==== STUDY MATERIAL

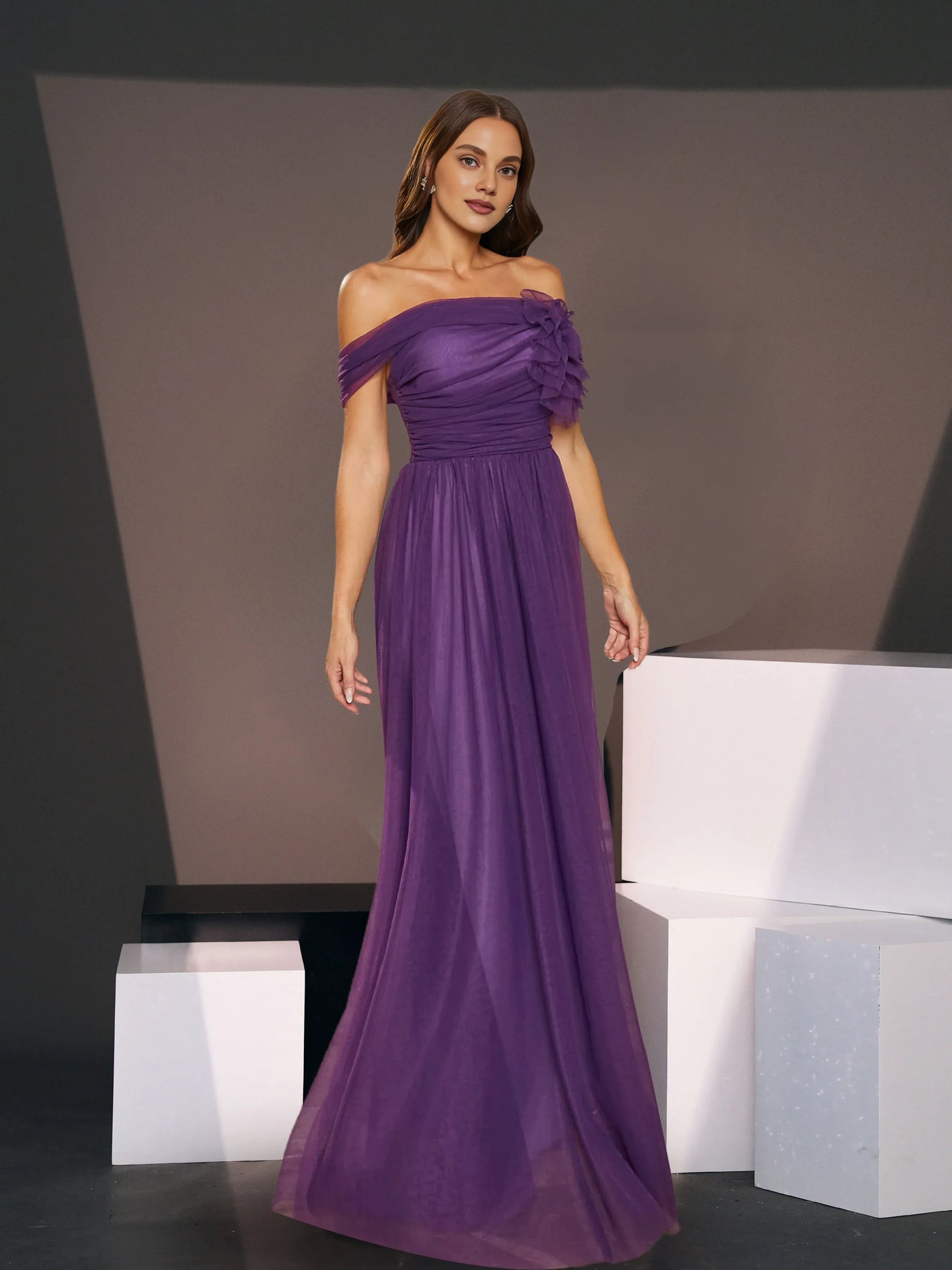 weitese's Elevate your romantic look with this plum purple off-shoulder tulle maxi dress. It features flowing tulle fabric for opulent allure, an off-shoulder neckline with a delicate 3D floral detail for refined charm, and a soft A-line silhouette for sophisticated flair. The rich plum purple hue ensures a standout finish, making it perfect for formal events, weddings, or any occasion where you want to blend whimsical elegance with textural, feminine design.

========
==== STUDY MATERIAL

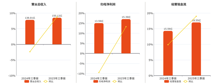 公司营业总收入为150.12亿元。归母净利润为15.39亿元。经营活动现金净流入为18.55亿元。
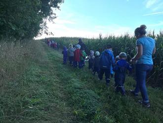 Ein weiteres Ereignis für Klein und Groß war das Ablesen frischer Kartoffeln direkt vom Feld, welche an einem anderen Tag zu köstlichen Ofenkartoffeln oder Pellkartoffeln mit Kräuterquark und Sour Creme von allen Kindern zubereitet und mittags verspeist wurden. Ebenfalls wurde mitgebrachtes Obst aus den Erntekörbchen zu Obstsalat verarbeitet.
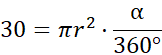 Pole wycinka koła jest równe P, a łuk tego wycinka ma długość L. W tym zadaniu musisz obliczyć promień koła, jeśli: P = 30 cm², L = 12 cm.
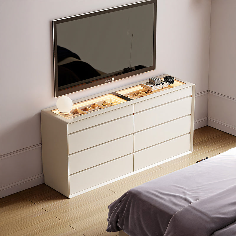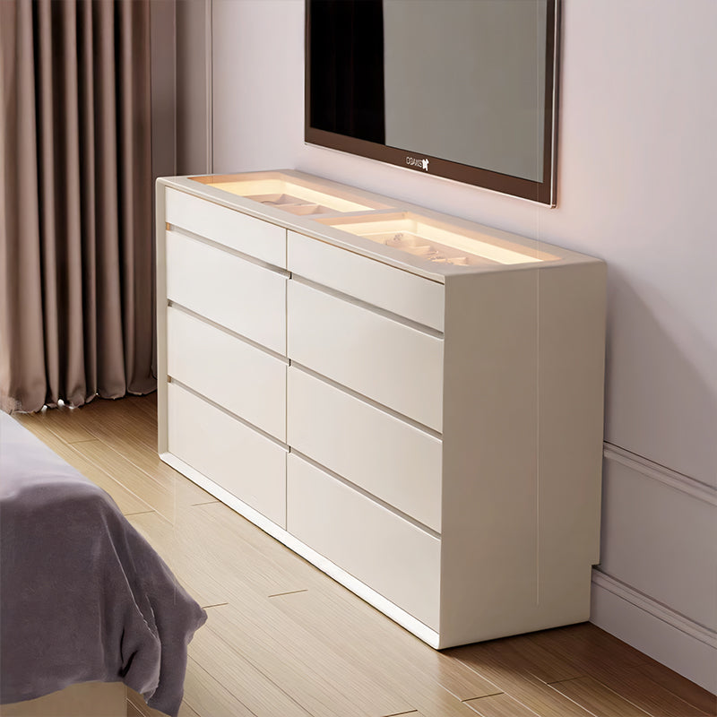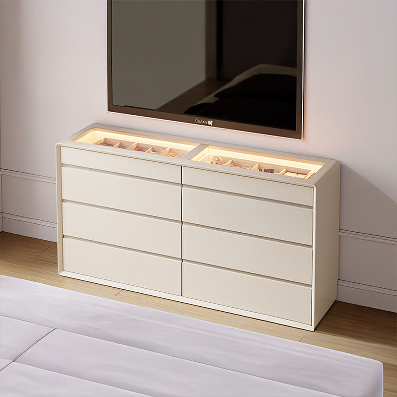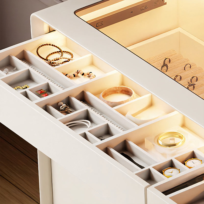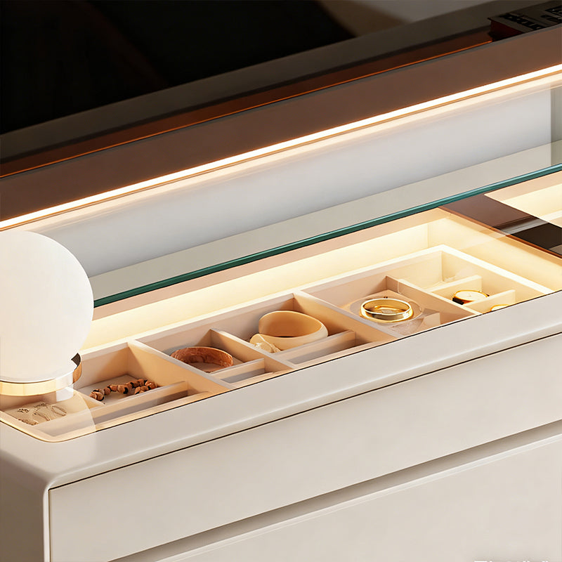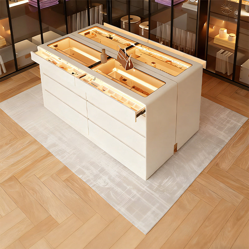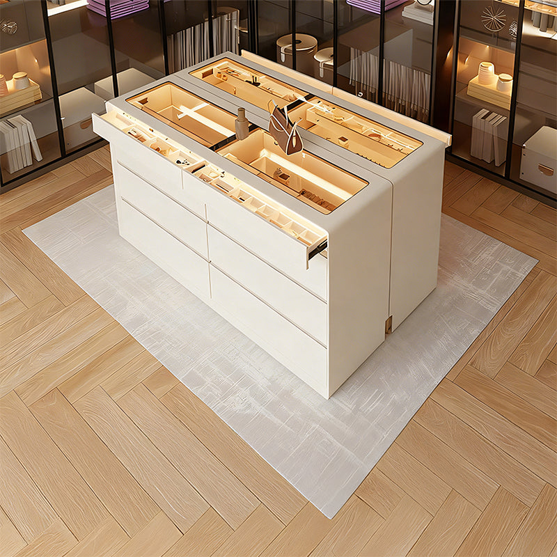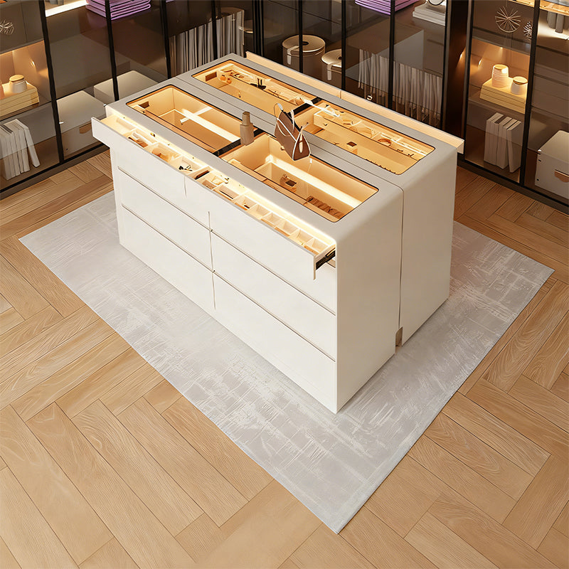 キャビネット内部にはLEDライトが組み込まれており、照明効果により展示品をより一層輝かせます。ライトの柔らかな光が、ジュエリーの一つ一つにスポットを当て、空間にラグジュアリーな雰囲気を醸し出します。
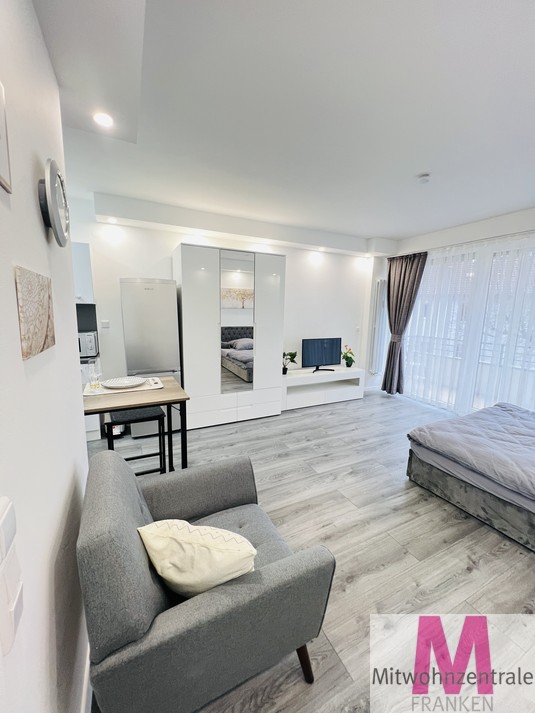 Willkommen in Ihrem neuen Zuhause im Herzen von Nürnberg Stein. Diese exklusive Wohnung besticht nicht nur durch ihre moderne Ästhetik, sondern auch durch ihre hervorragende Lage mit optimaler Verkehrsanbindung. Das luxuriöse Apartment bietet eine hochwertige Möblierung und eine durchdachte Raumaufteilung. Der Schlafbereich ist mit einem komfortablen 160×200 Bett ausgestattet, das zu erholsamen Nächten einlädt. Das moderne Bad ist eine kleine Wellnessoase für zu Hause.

========

DIRECTIONS FOR THIS TASK: Above are the records; copy exactly the lines from the one with "公司营业总收入为150.12" through the one with "キャビネット内部にはLEDラ", including both, and nothing more. Leave out pictures.

TASK RESULT:
 公司营业总收入为150.12亿元。归母净利润为15.39亿元。经营活动现金净流入为18.55亿元。
 Ein weiteres Ereignis für Klein und Groß war das Ablesen frischer Kartoffeln direkt vom Feld, welche an einem anderen Tag zu köstlichen Ofenkartoffeln oder Pellkartoffeln mit Kräuterquark und Sour Creme von allen Kindern zubereitet und mittags verspeist wurden. Ebenfalls wurde mitgebrachtes Obst aus den Erntekörbchen zu Obstsalat verarbeitet.
 Pole wycinka koła jest równe P, a łuk tego wycinka ma długość L. W tym zadaniu musisz obliczyć promień koła, jeśli: P = 30 cm², L = 12 cm.
 キャビネット内部にはLEDライトが組み込まれており、照明効果により展示品をより一層輝かせます。ライトの柔らかな光が、ジュエリーの一つ一つにスポットを当て、空間にラグジュアリーな雰囲気を醸し出します。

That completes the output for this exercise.